[Entries taken from a collection]
*** Begin section ***
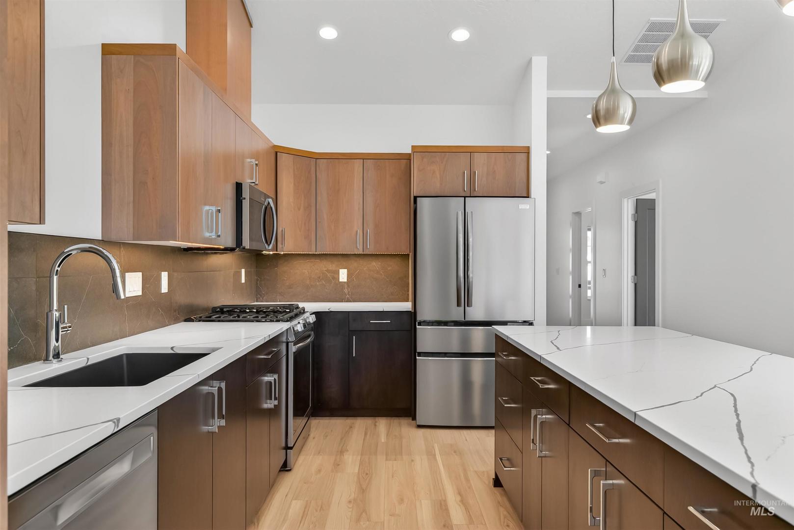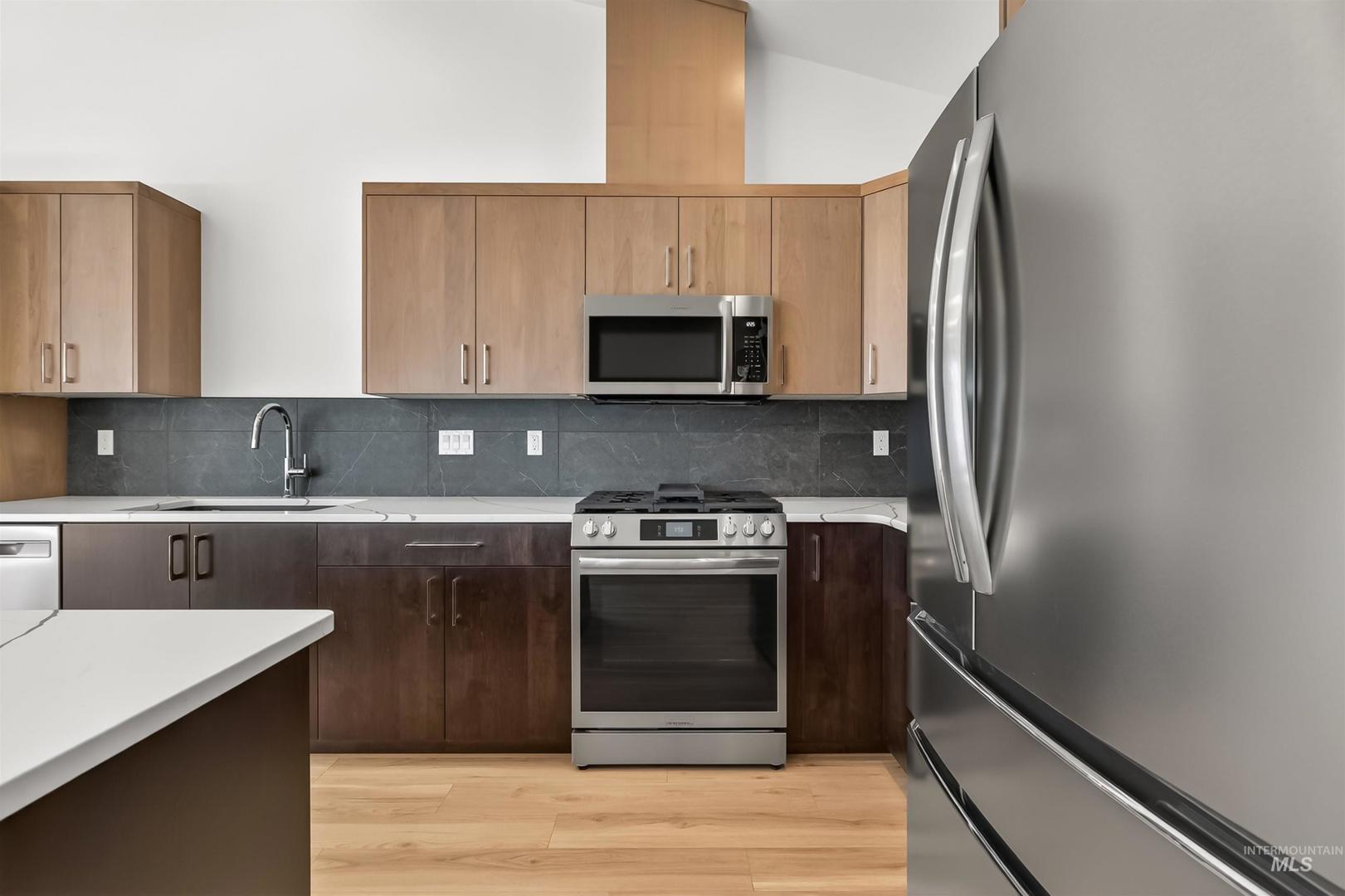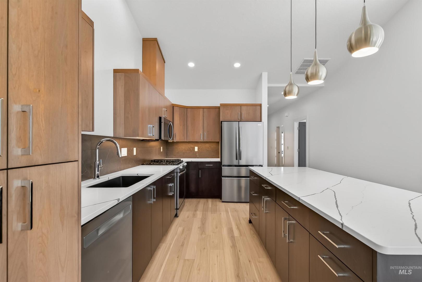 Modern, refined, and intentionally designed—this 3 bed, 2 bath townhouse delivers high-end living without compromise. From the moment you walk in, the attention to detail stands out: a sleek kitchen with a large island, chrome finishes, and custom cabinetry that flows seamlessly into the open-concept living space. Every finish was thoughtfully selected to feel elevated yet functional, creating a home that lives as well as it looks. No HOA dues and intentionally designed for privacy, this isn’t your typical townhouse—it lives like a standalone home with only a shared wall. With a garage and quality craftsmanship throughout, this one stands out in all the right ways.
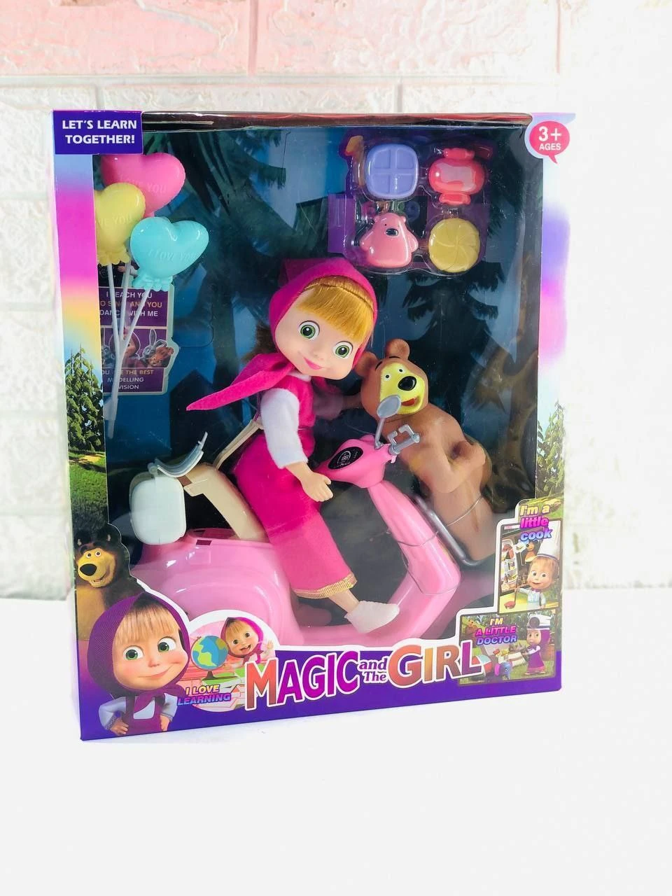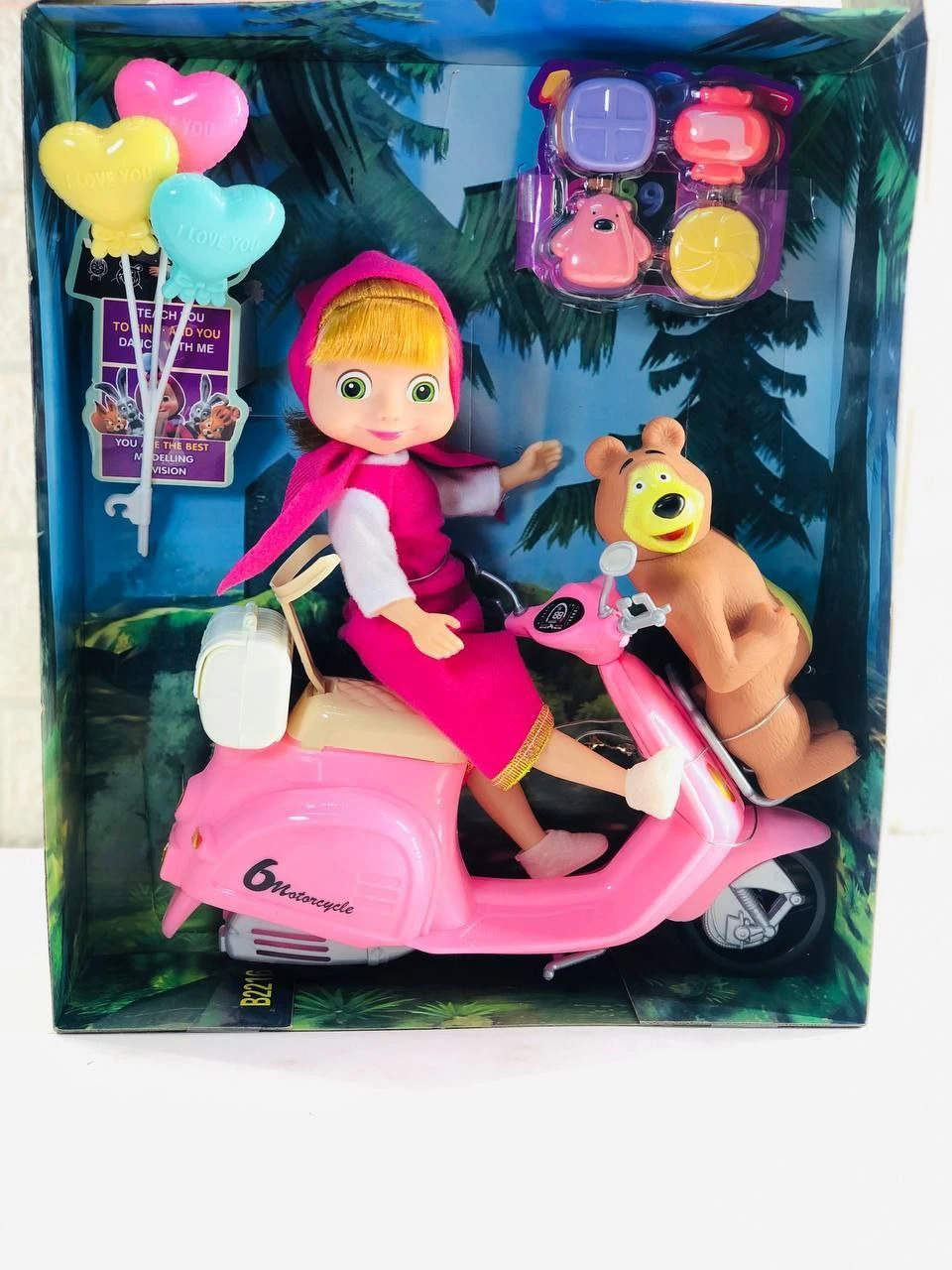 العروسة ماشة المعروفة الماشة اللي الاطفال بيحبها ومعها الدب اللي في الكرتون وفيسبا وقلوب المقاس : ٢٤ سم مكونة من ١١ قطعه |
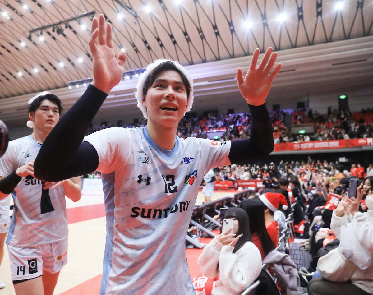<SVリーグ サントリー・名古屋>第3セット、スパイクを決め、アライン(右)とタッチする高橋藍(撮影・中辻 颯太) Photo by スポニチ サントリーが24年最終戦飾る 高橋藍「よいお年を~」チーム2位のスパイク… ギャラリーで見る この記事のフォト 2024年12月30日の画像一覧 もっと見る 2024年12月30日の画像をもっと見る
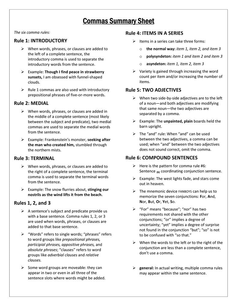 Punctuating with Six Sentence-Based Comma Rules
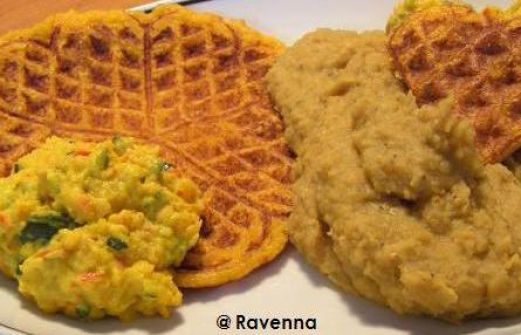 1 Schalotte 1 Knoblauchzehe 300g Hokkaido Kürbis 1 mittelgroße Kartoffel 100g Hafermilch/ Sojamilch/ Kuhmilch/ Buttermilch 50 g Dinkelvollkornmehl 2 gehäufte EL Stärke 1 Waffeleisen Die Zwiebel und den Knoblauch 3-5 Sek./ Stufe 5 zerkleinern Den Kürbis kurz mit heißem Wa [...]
*** End section ***
# Task goal:
A verbatim copy of the records above, without pictures, is required.

# Answer box:
 Modern, refined, and intentionally designed—this 3 bed, 2 bath townhouse delivers high-end living without compromise. From the moment you walk in, the attention to detail stands out: a sleek kitchen with a large island, chrome finishes, and custom cabinetry that flows seamlessly into the open-concept living space. Every finish was thoughtfully selected to feel elevated yet functional, creating a home that lives as well as it looks. No HOA dues and intentionally designed for privacy, this isn’t your typical townhouse—it lives like a standalone home with only a shared wall. With a garage and quality craftsmanship throughout, this one stands out in all the right ways.
 العروسة ماشة المعروفة الماشة اللي الاطفال بيحبها ومعها الدب اللي في الكرتون وفيسبا وقلوب المقاس : ٢٤ سم مكونة من ١١ قطعه |
<SVリーグ サントリー・名古屋>第3セット、スパイクを決め、アライン(右)とタッチする高橋藍(撮影・中辻 颯太) Photo by スポニチ サントリーが24年最終戦飾る 高橋藍「よいお年を~」チーム2位のスパイク… ギャラリーで見る この記事のフォト 2024年12月30日の画像一覧 もっと見る 2024年12月30日の画像をもっと見る
 Punctuating with Six Sentence-Based Comma Rules
 1 Schalotte 1 Knoblauchzehe 300g Hokkaido Kürbis 1 mittelgroße Kartoffel 100g Hafermilch/ Sojamilch/ Kuhmilch/ Buttermilch 50 g Dinkelvollkornmehl 2 gehäufte EL Stärke 1 Waffeleisen Die Zwiebel und den Knoblauch 3-5 Sek./ Stufe 5 zerkleinern Den Kürbis kurz mit heißem Wa [...]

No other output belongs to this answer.